Their approach was based on applying a complex light-refracting coating, designed to display stress positions, to the surface of concrete beam samples.

The epoxy coating is ‘birefringent’ – it has the ability to split light waves in different directions in relation to the amount of stress acting in those directions, and reflecting back to a photonic camera.

The camera then takes a picture showing where the stress levels are most extreme before cracks or fractures occur.

While the coating itself is not new, this research project was the first time it had been used to measure shear stress and assess the toughness of concrete against fractures.

Dr Joseph Antony from the School of Chemical and Process Engineering, who led the study together with researchers at the University of Qatar, said: “There are other methods to measure stress and strain levels in the engineering sector, but we do not believe any of them can measure shear strain directly with high precision, which is most relevant to assess the failure strength of materials.

Concrete

 A picture from a photonic camera showing how using the coating can create a candle-like 'flame' highlighting shear stress distribution in a sample concrete beam.

“The photonic method we developed can directly measure sheer strain, even on opaque materials. Until now, photonic and optical methods of measurement have only been associated with transparent materials.”

The results using the new method compared favourably with conventional methods of stress testing, which have relied on combined experimental and numerical or analytical approaches.

New materials

The rise of composite concretes now used extensively in the construction industry prompted the team to look for new ways to study the material’s strength.

Concrete has traditionally been made with cement, gravel and sand but has changed significantly in recent decades.

It can now include numerous waste products including plastic pellets, in order to reduce the levels of natural materials used and to recycle waste products.
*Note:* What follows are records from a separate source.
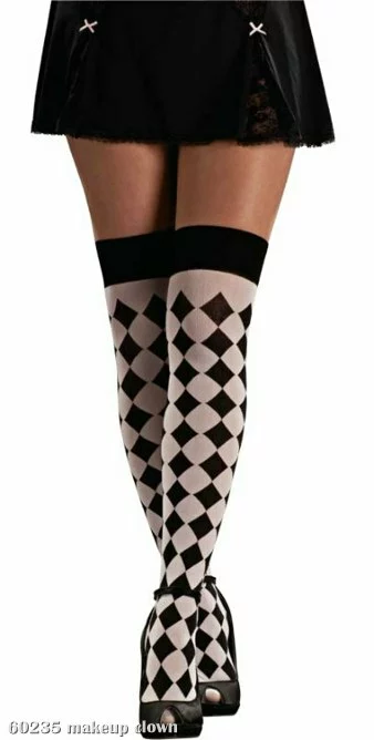 Whether you’re looking to finish off your Fat Tuesday look or want to accessorize your Queen of Hearts costume, these thigh highs are the perfect choice! These tights are black and white harlequin print with a black band at the top.
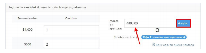 2. Nos aparece una interfaz para hacer el ingreso de las monedas y billetes de caja las cuales ingresaremos o ponemos poner solamente la moto total, una vez ingresado damos en Aceptar.
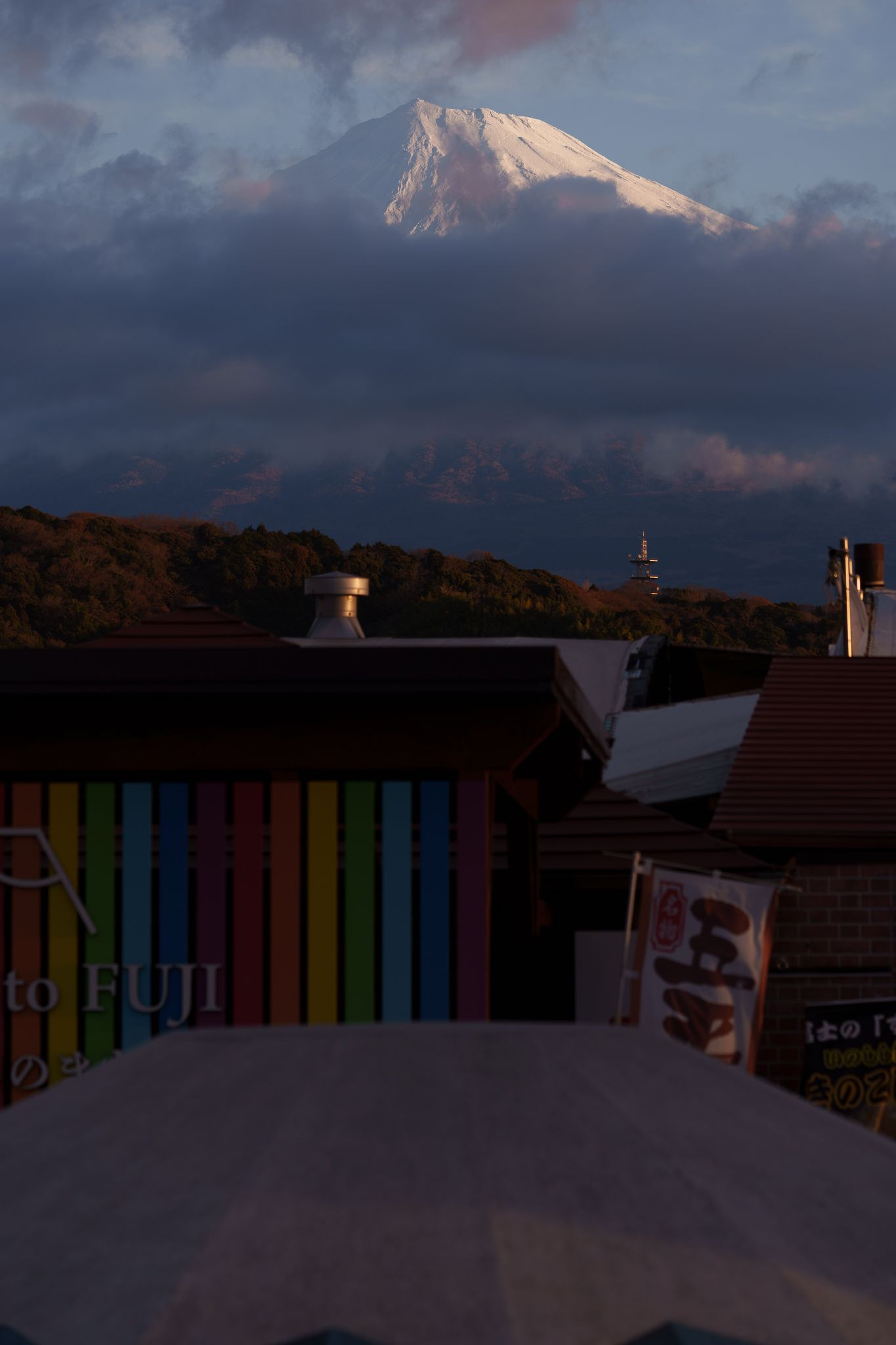 東名高速富士川SAでのひとコマ。 朝焼けの中、雲の切れ間から僅かに顔を出してくれた富士山。 SONY α1 + TAMRON 150-500mm (A057)
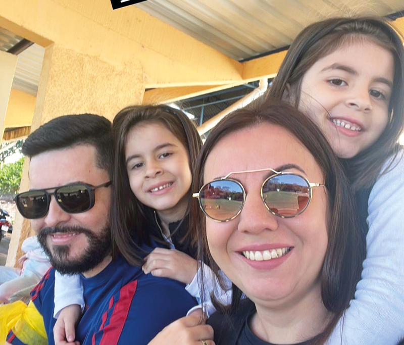 A analista de RH, Priscila Prates, troca de idade neste sábado, dia 15, recebendo as felicitações do marido Ricardo e dos filhos Daniel e Miguel. Foto: Arquivo Pessoal
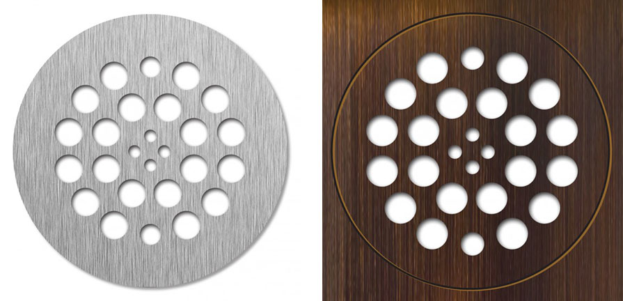 Sporting a fun circle pattern, these drain grates come in a 4.25-inch-diameter round or 4.25-inch-wide and -long square format. The round version can also be paired with a square trim for a different aesthetic. The covers are offered in brushed nickel, polished chrome, or oil-rubbed bronze finish.
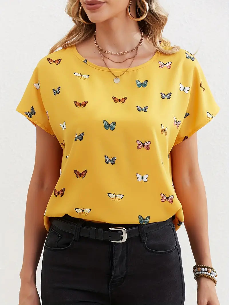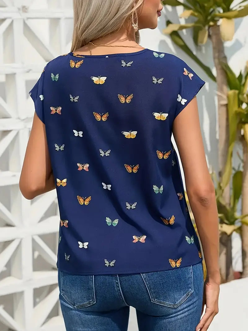 Tamika – bluse mit rundhalsausschnitt und schmetterlingsdruck für den frühling
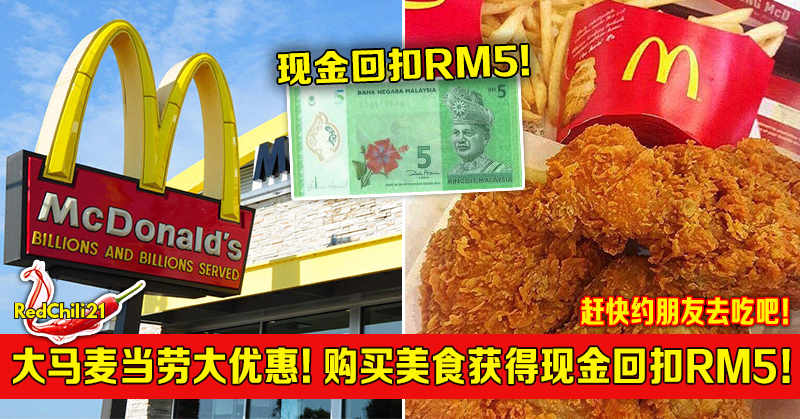 大马麦当劳推出大优惠!购买美食获得现金回扣RM5!
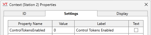 The Control Token system can be enabled globally by setting the application property ControlTokensEnabled to 1. (Configuration Properties) Alternatively, it can be enabled for a specific tag tree (or part thereof) by adding the property to a Context tag (or tag type derived from a Context tag) to enable Control Tokens in child tags of that parent. (You can also disable Control Tokens for a section of a tag tree by adding the property to a parent tag and setting the value to 0.) VTScada will check for ControlTokensEnabled starting with the current tag and working up through the scope of the tag tree to the application in general.

Dr Antony added: “Our study was aimed at developing a method by which plastic or polymer waste materials, in this case from Qatar, could be used as valuable ingredients in developing new engineering products.

“By working with industries which recycle the waste products into micron sized particles, we had direct insight into how they are used, meaning our study could be much more informed by industry requirements.”

Finding a new way to show industry the precise toughness of these new forms of composite concrete meant there could be more reliance on their use as a building material.

Dr Antony explained how concrete made with waste plastic products had shown superior qualities to traditional ingredients, but his team wanted to ensure it could sustain service loads without fracturing.

He added: “We believe this new photonic or optical approach to fracture testing could be applied not only to develop sustainable manufacturing using materials that would otherwise be discarded as waste, but also in other diverse engineering designs including mechanical, civil, materials, electronics and chemical engineering applications.”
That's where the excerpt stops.